Sur ce point, Pierrick Spizak la rejoint. Le lien social s’est distendu à Villerupt : « Dans le temps, les ouvriers étaient très soudés. Ils travaillaient au même endroit, partaient en vacances ensemble grâce à l’UMO (Union mutualiste des ouvriers)… Maintenant, avec plus de 80 pour cent de personnes qui ne travaillent pas dans la commune, plus personne ne se connaît et cette solidarité qui nous portait auparavant tend à disparaître ».

L’influence du Luxembourg a également causé un enchérissement brutal du logement. « Un appartement d’une chambre coûte plus cher à Villerupt qu'à Thionville, Metz, Nancy ou Strasbourg », relève Pierrick Spizak. La commune a beau profiter de l’Opération nationale Alzette-Belval, par laquelle l’État prend en main une partie de l’urbanisme et de la construction de logements dans des quartiers prioritaires, celle-ci ne fait qu’accroître les inégalités entre ceux qui sont frontaliers et ceux qui travaillent en France. « Les logements qui vont sortir de terre seront vendus entre 4 000 et 4 500 euros hors taxes le mètre carré. Une maison de cent mètres carrés coûtera 500 000 euros. Un couple de fonctionnaires ne peut pratiquement plus acheter à Villerupt… Seuls les frontaliers correctement payés peuvent se le permettre », regrette Pierrick Spizak.

En 2025, la Cour des comptes de la région Grand Est a démontré que, dans la communauté de communes Pays Haut-Val d’Alzette, les loyers d’appartements ont augmenté de 68 pour cent.

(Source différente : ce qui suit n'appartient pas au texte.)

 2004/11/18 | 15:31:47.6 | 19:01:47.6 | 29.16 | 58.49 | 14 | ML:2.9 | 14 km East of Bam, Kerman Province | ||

Dans le même temps, les prix de vente progressaient de 117 pour cent pour les maisons et 164 pour cent pour les appartements, avec « des niveaux de prix trois à cinq fois supérieurs au territoire français de comparaison », c’est à dire sans influence frontalière.

Sur ce même territoire, l’Agape a relevé que trente pour cent des transactions immobilières étaient réalisées par des résidents luxembourgeois. Ce constat renforce l’idée que le Luxembourg participe à la désintégration sociale de territoires dont il a pourtant absolument besoin pour loger une main-d’œuvre qui ne trouve pas de logements chez lui.

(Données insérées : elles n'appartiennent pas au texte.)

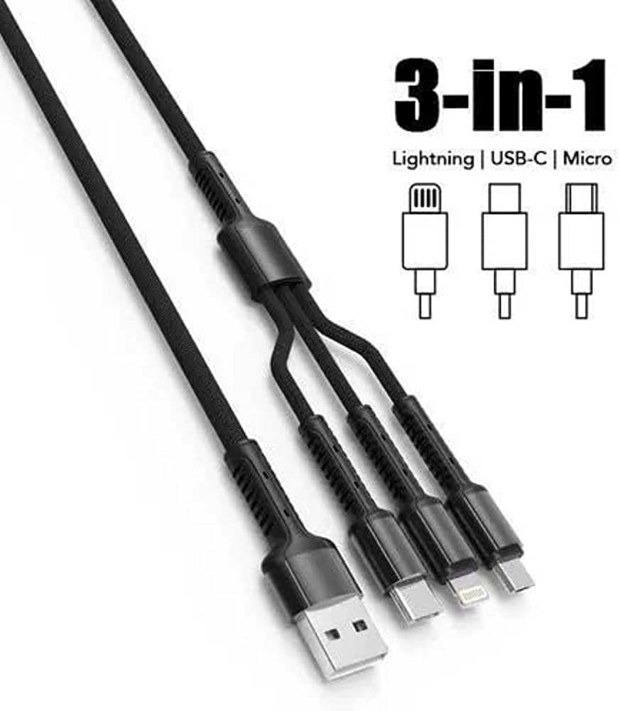 Кабель 3-в-1, также известный как многофункциональный кабель, добавляет комбинированное решение к оригинальному кабелю, сконфигурированному с комбинированной печатной платой для поддержки нескольких устройств, что устраняет необходимость частого поиска кабеля. Он объединяет порт Lightning, порт type-C и порт Micro USB в один, совместим с несколькими устройствами, может быть подключен к любому смартфону, планшету и ПК.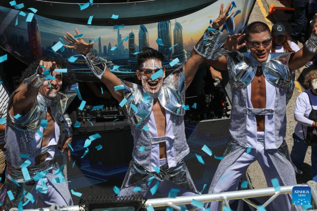 SAN SALVADOR, 1 agosto, 2025 (Xinhua) -- Bailarines participan en un desfile durante la inauguración de la temporada vacacional de las Fiestas Agostinas, en el departamento de San Salvador, El Salvador, el 1 de agosto de 2025. (Xinhua/Alexander Peña)

Véronique Guillotin n’a, en tout cas, pas l’intention de venir demander de l’aide au Grand-Duché. Si ses prédécesseurs à Villerupt ont toujours défendu le principe de la rétrocession fiscale, elle confirme le clivage gauche/droite sur ce point en soutenant ne pas y être favorable. Alors que ce système permettrait de reverser aux communes françaises une partie de l’impôt payé par les frontaliers au Luxembourg, elle préfère « rester dans le consensus ». Les trois axes qu’elle souhaite développer au cours de son mandat seront plutôt : « Créer une maison de santé, travailler sur les questions de propreté et de salubrité et armer la police municipale. »

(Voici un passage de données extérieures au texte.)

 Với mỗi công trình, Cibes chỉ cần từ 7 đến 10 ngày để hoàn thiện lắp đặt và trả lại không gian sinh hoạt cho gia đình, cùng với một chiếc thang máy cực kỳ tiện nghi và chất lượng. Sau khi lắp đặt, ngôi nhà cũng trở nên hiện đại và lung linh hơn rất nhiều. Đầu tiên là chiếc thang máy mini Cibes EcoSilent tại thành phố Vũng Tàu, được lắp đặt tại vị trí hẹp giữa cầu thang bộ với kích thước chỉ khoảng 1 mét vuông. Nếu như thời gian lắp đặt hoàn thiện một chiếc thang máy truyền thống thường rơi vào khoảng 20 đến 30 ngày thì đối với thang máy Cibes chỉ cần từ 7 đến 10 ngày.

Quant au parti communiste, son renvoi dans l’opposition lui impose de reconsidérer sa position, finalement pas si forte que cela. Ces dernières années, le nombre d’adhérents a fondu et peu sont réellement actifs. Beaucoup sont très âgés. Certains, toujours très engagés, vivent en maison de retraite. Le local du parti, devenu trop grand, sera prochainement vendu et remplacé par un nouveau, plus adapté à ses besoins. « Nous devons repartir sur un travail de militants, pour reconstruire une base solide et remplacer les anciens », soutient Pierrick Spizak. « Finalement, peut-être que cette défaite est un mal nécessaire. Elle nous force à réfléchir pour repenser ce que nous sommes. » Lui, en tout cas, a décidé de tourner la page. Il ne se représentera plus. Son ambition, à court terme, est de trouver un nouveau travail. Et pourquoi pas au Luxembourg. « J’avais choisi de travailler de nuit pour pouvoir être à la mairie la journée, mais ça n’a plus de sens maintenant. Au moins, je vais pouvoir être plus présent auprès de ma femme et de mon petit garçon ».

À Villerupt, une page s’est bel et bien tournée.